I hear the groan and hushed protest as men and boys from my pals battalion return from their broken slumber, trying to eke out the final warm embrace with loved ones. Dreams so vivid and real they conquer this nightmare we have found ourselves in.

I can feel my body protest the day, aching leg muscles and shoulders have become a normal feeling. What heaven it will be. I reach down to my left and feel the familiar touch of a walnut stock. Zeus’s Thunder is the name I’ve given my Lee Enfield rifle, deadly in my hands. My forefinger finds the tally score I’ve etched into the butt. I caress it - thirty-six - I don’t need to count them, I already know. My sodden 1902 pattern service dress is heavy and the thick woollen material clings to my body like a parasite clinging to a host. It resists me as I sit up onto my elbows.

‘My lord, my elbows hurt too’, I mutter to myself as I lean back and rest my torso against the mud walls I’ve carved out of this trench to make my bed space. The dense, clay-bound mud of northern France is unforgiving and saps the energy out of the most robust individual. I know this because I’ve dug a lot here.

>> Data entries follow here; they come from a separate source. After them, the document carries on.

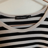 Marimekon klassinen tasaraitapaita. Mustavalkoinen, lyhyet hihat.
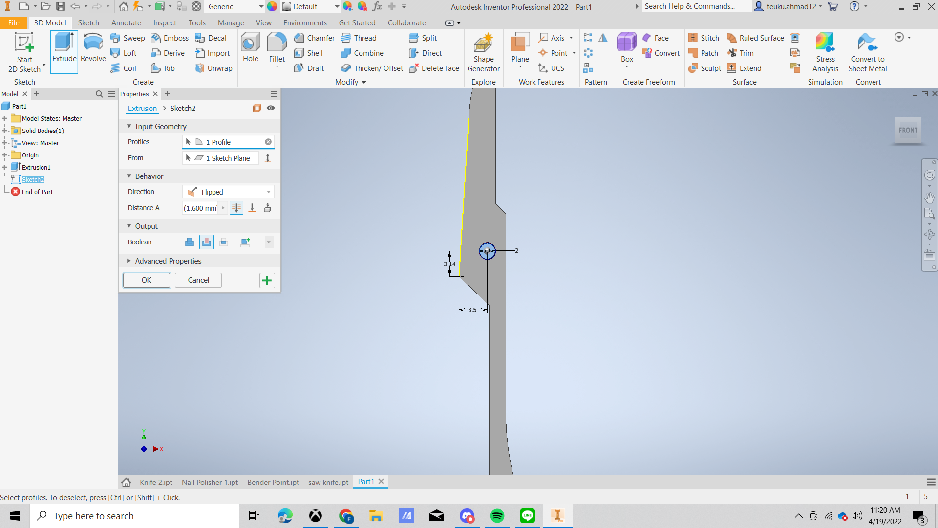 Extrude the scissor with the distance is 1.6 mm
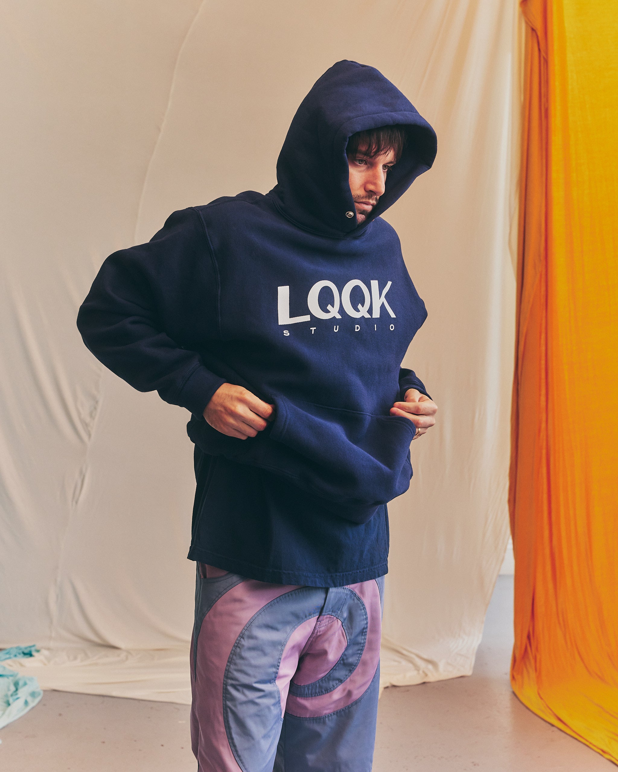 LQQKSTUDIO|SIGNATURE SNAP FLEECE HOODIE|NAVY
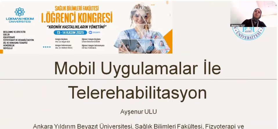 Asst. Prof. Yasemin ATEŞ SARI, and our fourth-year student, Ayşenur ULU, contributed to the 1st Student Congress of the Faculty of Health Sciences on 13-14 November with their presentations titled ‘Augmented Reality-Based Telerehabilitation and Telerehabilitation with Mobile Applications’. We congratulate our lecturer and student and wish them continued success.
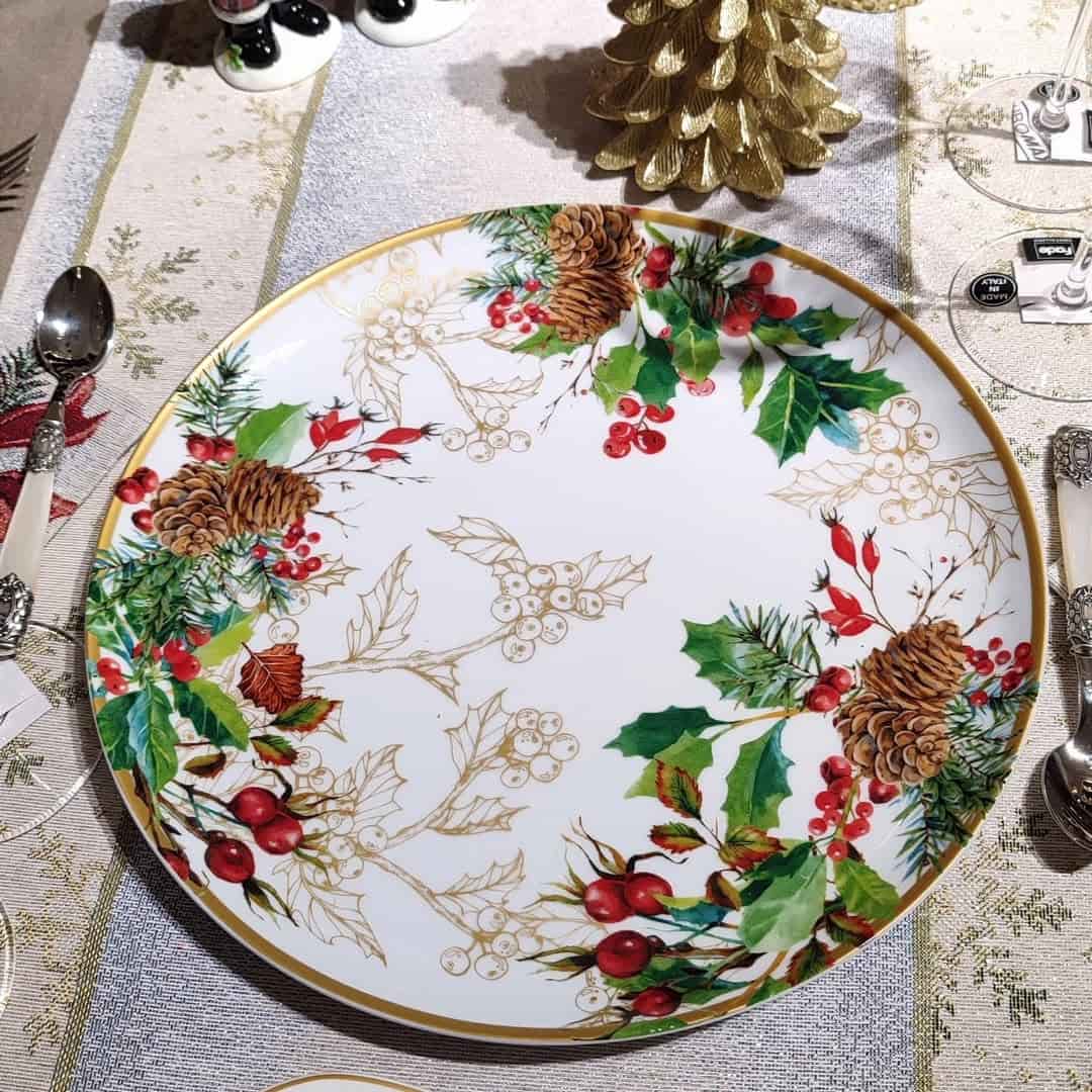 Это рождественское круглое блюдо Faith Maison украшено ярким зимним орнаментом с хвойными ветками, красными ягодами и сосновыми шишками. Богатый золотой узор добавляет праздничности и делает изделие акцентом любой сервировки. Диаметр блюда составляет 30 см, что позволяет использовать его как для подачи закусок, так и для украшения стола. Изделие выполнено из прочного фарфора, который устойчив к ежедневному использованию. Такое блюдо создаёт атмосферу уюта и праздника благодаря насыщенной палитре и детализированному рисунку. Оно станет отличным выбором для новогоднего стола или подарка.
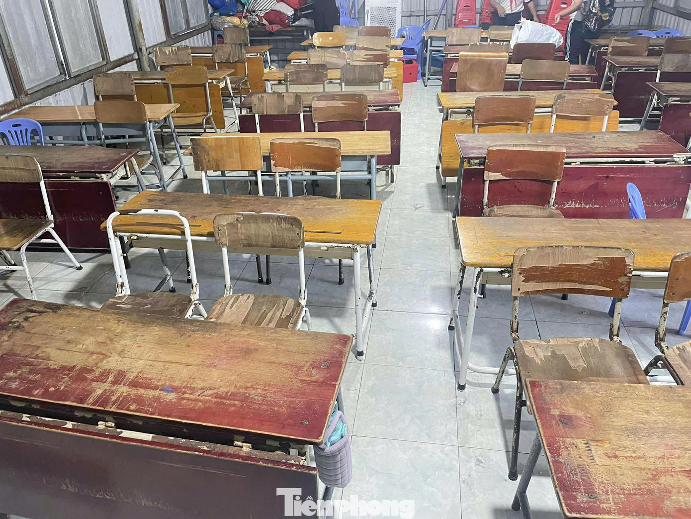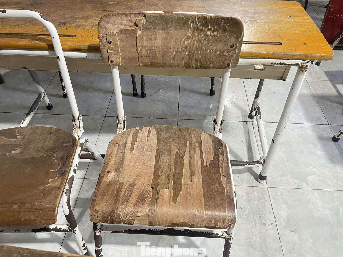 Trong các phòng học dựng tạm bằng tôn, bàn ghế học sinh đã xuống cấp, hư hỏng
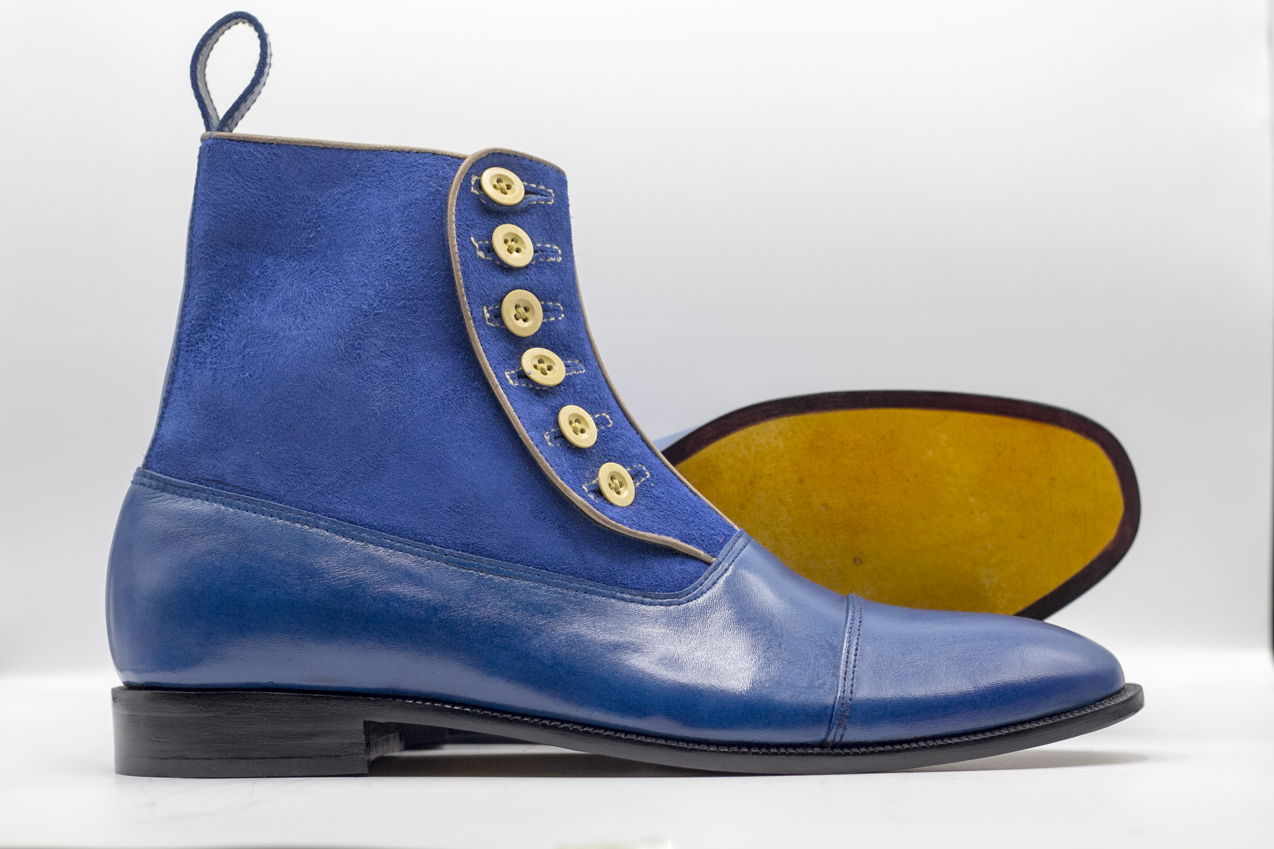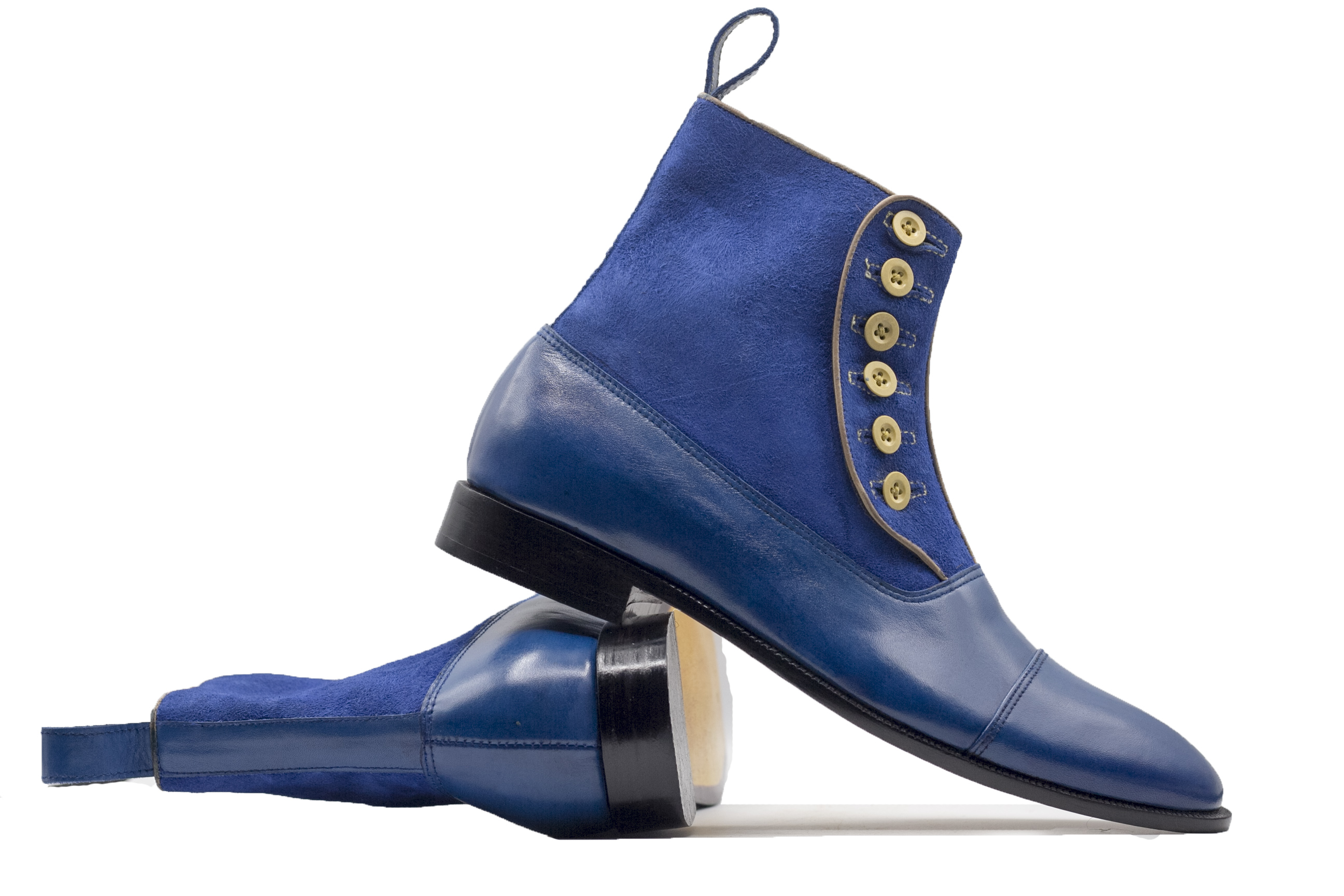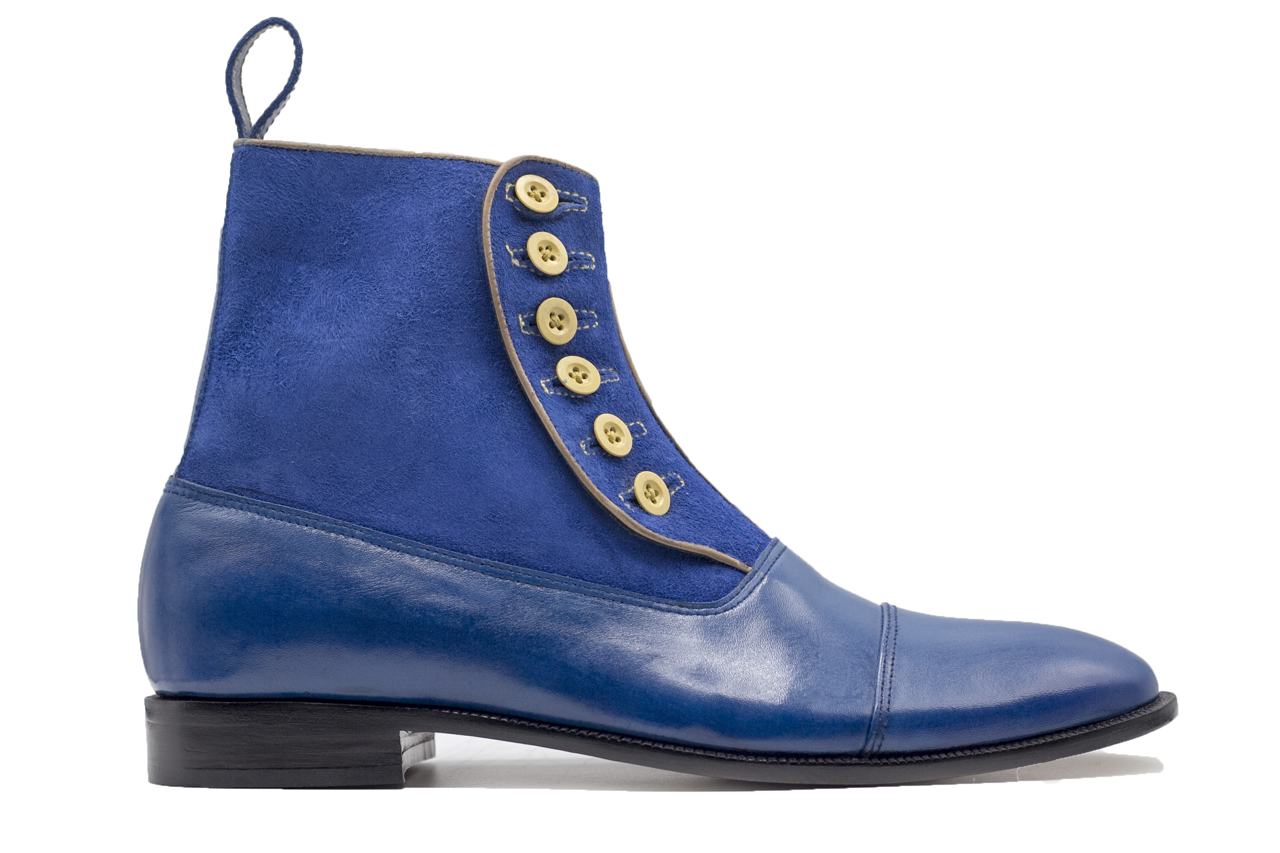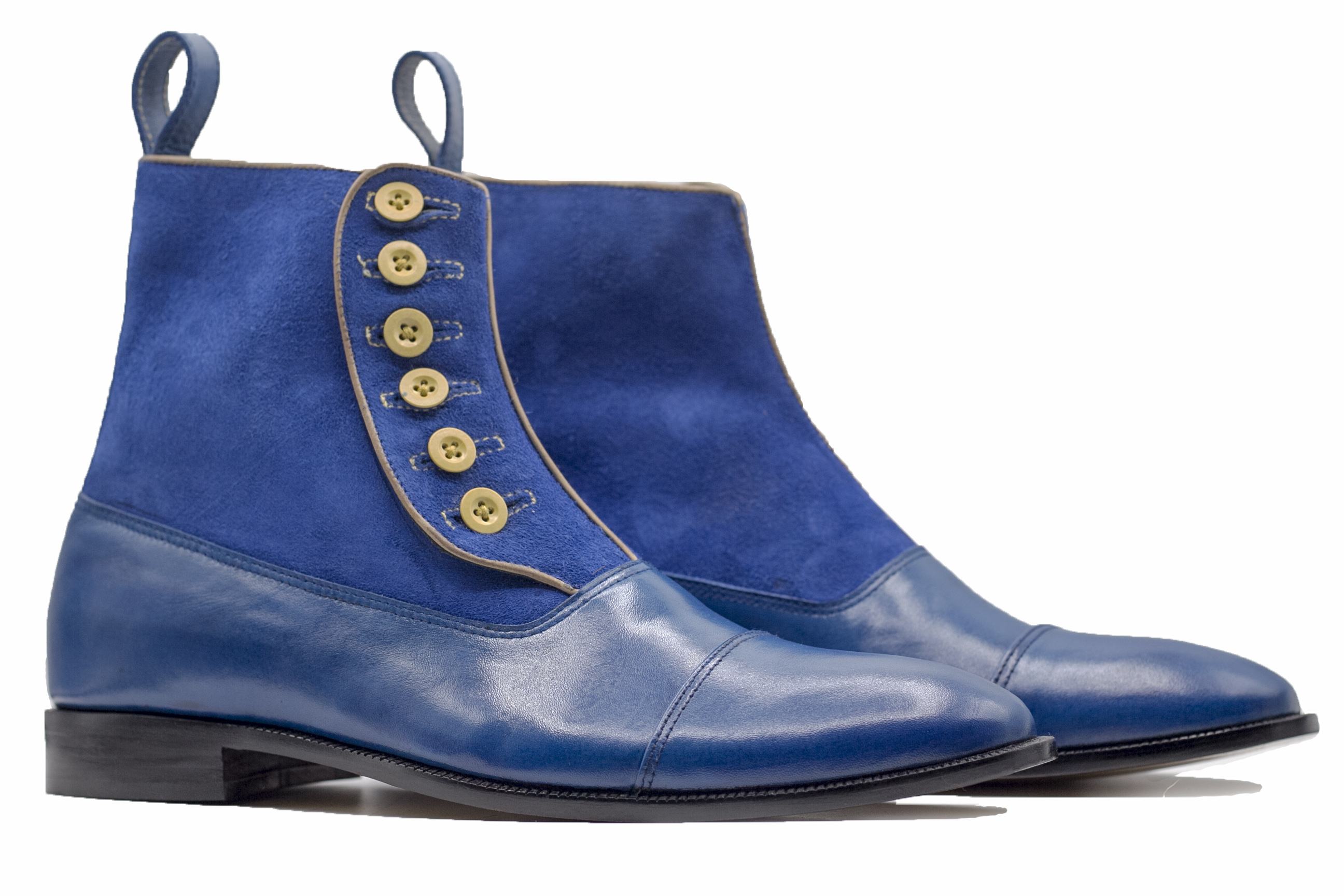 Ankle High Button Top Blue Cap Toe Leather Suede Boot

I hear quick footsteps splashing up the trench; the returning sergeant glances in at me.

‘Come on, George boy, fifteen minutes till go time’

‘Aye sarnt, I’m moving’, I say, swinging my legs out of my earthly coffin and poking my head out. I glance down and see the rippling blackness shimmer in the dying moonlight,

‘It’s risen again’, I say to nobody listening. I flick my gaze along the trench, looking left and right as I stretch the tightness out of my neck. I can see movement, men emerging from their ‘graves’ in various states of dress. Some are stretching and some just sit and ponder like they are fishing on the river bank with not a care in the world. If only we were fishing. It reminds me of a story I’ve heard of the dead coming back to life and climbing out of their tombs ravenous for living flesh. I know some men won’t be rising today, a stark reminder of life here. Not two days have passed since Pat Mcgavie, and Cyril ‘Two times’, a foul-mouthed young’un, we gave him the moniker Two Times by his insistence on saying everything twice.

‘Hey up old man, old man’, he would say to me

‘Hey up yourself! Old man? I’m only old enough to be your brother laddie!’ I would reply.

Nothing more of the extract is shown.